I love when Hanukkah comes just after the literal lowest light of the winter solstice, as if to propel the "return of the sun" by spiritual light. And I especially love when Hanukkah's first light coincides with Christmas and the start of Kwanzaa, as it does this year. How beautiful – and instructive of our common humanity – that different cultures' festivals of light coincide.
It's tempting to shrug it off, to play the rationalist card. After all, how much light can the candles of Hanukkah really shed? Do the candles actually transform the things that brought so much anxiety, darkness and despair?
No, of course not.

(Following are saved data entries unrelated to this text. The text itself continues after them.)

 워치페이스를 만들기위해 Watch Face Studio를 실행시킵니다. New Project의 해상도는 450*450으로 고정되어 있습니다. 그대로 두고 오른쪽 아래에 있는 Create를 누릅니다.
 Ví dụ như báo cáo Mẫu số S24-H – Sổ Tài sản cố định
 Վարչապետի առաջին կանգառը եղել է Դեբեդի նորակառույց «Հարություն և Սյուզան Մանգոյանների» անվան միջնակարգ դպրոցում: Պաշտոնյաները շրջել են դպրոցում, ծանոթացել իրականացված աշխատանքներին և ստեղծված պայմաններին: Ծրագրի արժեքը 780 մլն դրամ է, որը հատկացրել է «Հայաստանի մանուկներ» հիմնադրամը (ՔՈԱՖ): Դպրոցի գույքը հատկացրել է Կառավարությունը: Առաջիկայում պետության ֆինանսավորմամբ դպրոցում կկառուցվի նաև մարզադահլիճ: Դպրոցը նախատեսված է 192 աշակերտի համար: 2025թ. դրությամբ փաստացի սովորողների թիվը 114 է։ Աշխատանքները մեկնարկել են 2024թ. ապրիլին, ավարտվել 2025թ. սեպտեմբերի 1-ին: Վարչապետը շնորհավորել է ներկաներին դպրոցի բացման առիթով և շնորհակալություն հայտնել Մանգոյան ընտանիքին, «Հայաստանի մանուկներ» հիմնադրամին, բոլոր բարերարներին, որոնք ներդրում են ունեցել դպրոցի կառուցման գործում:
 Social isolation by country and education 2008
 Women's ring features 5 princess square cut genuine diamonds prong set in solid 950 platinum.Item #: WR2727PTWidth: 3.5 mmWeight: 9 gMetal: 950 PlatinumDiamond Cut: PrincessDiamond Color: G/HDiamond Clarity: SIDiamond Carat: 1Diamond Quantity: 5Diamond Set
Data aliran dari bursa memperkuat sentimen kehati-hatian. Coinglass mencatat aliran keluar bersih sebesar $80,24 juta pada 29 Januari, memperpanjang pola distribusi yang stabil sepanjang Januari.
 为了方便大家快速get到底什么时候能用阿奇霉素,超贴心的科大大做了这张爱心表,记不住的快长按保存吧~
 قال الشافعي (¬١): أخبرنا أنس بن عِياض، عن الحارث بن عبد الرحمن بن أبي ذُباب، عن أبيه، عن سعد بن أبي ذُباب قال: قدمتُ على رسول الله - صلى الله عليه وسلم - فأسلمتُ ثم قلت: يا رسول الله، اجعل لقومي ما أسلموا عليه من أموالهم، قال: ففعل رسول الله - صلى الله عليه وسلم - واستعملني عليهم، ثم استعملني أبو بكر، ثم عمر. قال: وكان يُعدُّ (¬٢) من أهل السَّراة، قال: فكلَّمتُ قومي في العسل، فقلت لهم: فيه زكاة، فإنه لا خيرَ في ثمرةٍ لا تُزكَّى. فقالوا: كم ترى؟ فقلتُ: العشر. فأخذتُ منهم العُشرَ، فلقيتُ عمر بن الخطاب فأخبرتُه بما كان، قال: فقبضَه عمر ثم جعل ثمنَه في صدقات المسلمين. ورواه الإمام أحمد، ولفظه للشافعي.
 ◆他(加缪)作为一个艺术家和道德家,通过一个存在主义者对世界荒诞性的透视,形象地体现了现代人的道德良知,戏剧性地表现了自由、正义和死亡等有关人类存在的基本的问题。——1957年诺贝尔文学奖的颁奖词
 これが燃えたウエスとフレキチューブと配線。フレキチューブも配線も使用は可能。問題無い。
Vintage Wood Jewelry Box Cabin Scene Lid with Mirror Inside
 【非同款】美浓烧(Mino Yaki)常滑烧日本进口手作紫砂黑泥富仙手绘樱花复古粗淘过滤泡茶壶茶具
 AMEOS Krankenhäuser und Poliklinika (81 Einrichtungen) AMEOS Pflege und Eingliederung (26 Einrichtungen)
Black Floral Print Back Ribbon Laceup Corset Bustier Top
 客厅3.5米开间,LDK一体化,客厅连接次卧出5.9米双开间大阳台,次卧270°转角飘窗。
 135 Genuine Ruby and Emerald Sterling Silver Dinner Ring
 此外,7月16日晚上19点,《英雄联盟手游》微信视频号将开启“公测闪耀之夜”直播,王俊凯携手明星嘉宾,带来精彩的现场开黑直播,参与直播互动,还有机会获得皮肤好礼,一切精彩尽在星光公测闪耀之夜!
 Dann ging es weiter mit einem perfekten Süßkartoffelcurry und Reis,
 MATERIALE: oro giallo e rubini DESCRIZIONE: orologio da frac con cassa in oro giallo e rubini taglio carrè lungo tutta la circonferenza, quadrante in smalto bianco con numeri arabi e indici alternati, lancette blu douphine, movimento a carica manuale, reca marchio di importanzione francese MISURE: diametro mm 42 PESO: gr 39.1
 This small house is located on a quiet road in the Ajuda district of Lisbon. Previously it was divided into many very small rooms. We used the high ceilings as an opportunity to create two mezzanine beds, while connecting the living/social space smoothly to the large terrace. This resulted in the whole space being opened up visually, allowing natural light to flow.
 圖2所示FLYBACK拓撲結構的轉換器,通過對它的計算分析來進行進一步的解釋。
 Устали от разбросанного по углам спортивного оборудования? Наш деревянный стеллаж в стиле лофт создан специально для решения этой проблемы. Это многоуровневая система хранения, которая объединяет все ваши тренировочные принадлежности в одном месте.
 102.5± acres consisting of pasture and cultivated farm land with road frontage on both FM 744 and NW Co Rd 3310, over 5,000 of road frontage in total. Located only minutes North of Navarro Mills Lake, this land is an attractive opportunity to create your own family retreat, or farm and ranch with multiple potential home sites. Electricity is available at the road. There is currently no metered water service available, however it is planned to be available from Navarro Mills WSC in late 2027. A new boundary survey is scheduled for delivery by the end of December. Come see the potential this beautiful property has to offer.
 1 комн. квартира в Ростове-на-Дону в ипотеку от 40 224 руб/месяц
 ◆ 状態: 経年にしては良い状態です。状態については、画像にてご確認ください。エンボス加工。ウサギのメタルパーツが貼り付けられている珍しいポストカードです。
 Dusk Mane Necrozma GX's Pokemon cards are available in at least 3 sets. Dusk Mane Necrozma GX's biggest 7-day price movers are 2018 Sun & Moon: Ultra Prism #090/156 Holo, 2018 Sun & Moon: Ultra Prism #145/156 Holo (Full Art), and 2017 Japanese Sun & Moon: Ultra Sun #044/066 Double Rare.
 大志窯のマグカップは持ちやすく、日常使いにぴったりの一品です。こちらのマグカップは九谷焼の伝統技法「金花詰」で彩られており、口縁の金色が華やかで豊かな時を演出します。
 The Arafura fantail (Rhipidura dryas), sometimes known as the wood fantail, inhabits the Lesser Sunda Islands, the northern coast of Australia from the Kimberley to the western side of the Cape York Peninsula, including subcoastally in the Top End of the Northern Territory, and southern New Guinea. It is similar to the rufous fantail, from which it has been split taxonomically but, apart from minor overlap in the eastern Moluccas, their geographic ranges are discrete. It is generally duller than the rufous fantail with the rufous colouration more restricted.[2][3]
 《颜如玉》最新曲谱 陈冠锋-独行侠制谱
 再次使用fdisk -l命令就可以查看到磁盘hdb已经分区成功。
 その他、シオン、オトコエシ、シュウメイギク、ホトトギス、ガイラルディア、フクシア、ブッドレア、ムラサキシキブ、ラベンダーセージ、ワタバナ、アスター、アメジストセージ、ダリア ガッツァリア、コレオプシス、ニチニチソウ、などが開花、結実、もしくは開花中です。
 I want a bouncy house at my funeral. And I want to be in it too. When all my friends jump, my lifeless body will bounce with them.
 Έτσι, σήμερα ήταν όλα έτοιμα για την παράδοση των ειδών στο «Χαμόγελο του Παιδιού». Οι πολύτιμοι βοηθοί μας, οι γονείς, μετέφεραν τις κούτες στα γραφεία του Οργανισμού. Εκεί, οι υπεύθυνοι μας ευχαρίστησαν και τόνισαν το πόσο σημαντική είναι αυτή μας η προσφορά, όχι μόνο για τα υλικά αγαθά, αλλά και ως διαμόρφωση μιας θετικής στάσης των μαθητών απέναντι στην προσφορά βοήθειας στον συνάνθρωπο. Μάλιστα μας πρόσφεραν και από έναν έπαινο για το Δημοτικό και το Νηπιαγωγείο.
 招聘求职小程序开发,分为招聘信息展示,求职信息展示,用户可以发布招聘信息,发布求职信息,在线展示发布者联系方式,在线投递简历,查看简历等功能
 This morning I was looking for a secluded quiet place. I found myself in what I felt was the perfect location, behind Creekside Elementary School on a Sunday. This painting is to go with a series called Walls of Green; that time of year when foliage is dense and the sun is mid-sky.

But that's not the point. Too often we miss the point.
Hanukkah always coincides with Parashat Mikeitz in Torah, in which a jailed Joseph suddenly is catapulted from darkness to light. From forgotten prisoner, Joseph becomes Pharaoh's unlikely prime minister, saves Egypt from a famine, and becomes a world power broker based on carefully stocked food supply he oversaw. Suddenly his starving brothers – who long ago sold Joseph into slavery – appear before Joseph groveling for food, but they don't recognize him. Joseph stages an elaborate test to see if his brothers have changed.
Nothing in Joseph's ascent and triumph pretended away the great wrong his brothers did him, or the darkness that Joseph endured by their cruelty, or the famine unfolding around him. The light Joseph experienced did not change Joseph's past – but it did change him.
It's much the same with Hanukkah. Hanukkah doesn't pretend away the great suffering of Hellenist conquest and the Maccabee rebellion that restored Jewish autonomy in the mid-160s BCE. Hanukkah also doesn't pretend away the religious zealotry that followed Maccabee victory. (One might be forgiven for seeing similar excess zealotry ascending in society.)
Instead, Hanukkah is the Jewish people's celebration and resolve that no circumstance however dark and defiling need take us down. In the words of Yehudah Aryeh Lieb Alter (1847-1905), the candles of Hanukkah are not mere external sparks of light but reminders of and catalysts for our internal sparks of light. We ourselves – our souls – are the candles of divinity. As Proverbs 20:27 puts it:
נֵר יְהו׳׳ה נִשְׁמַת אָדָם חֹפֵשׂ כָּל־חַדְרֵי־בָטֶן׃ | The candle of YHVH is the human soul, finding every inward room. |
The room inside you that is always light, that is made of light – for the soul itself is light – is what the sacred seeks. And it's the part of us that seeks the sacred, the ultimate rightness and goodness of things, the ultimate meaning of it all, the Source of Light.
So when you light up this Hanukkah, light more than your candles. Light up your spirit, your soul. We ourselves must be the light. We needn't pretend away the darkness but rather live knowing that something more transcends it.
And if that's too big a wick to light this year, know that our people have been light workers for nearly 2,200 years – and the light never has gone out, no matter what.
From my heart to yours, here's wishing you and your loved ones a חג אורים שמח / hag urim sameah – a happy Festival of Lights.
So when you light up this Hanukkah, light more than your candles. Light up your spirit, your soul. We ourselves must be the light. We needn't pretend away the darkness but rather live knowing that something more transcends it.
And if that's too big a wick to light this year, know that our people have been light workers for nearly 2,200 years – and the light never has gone out, no matter what.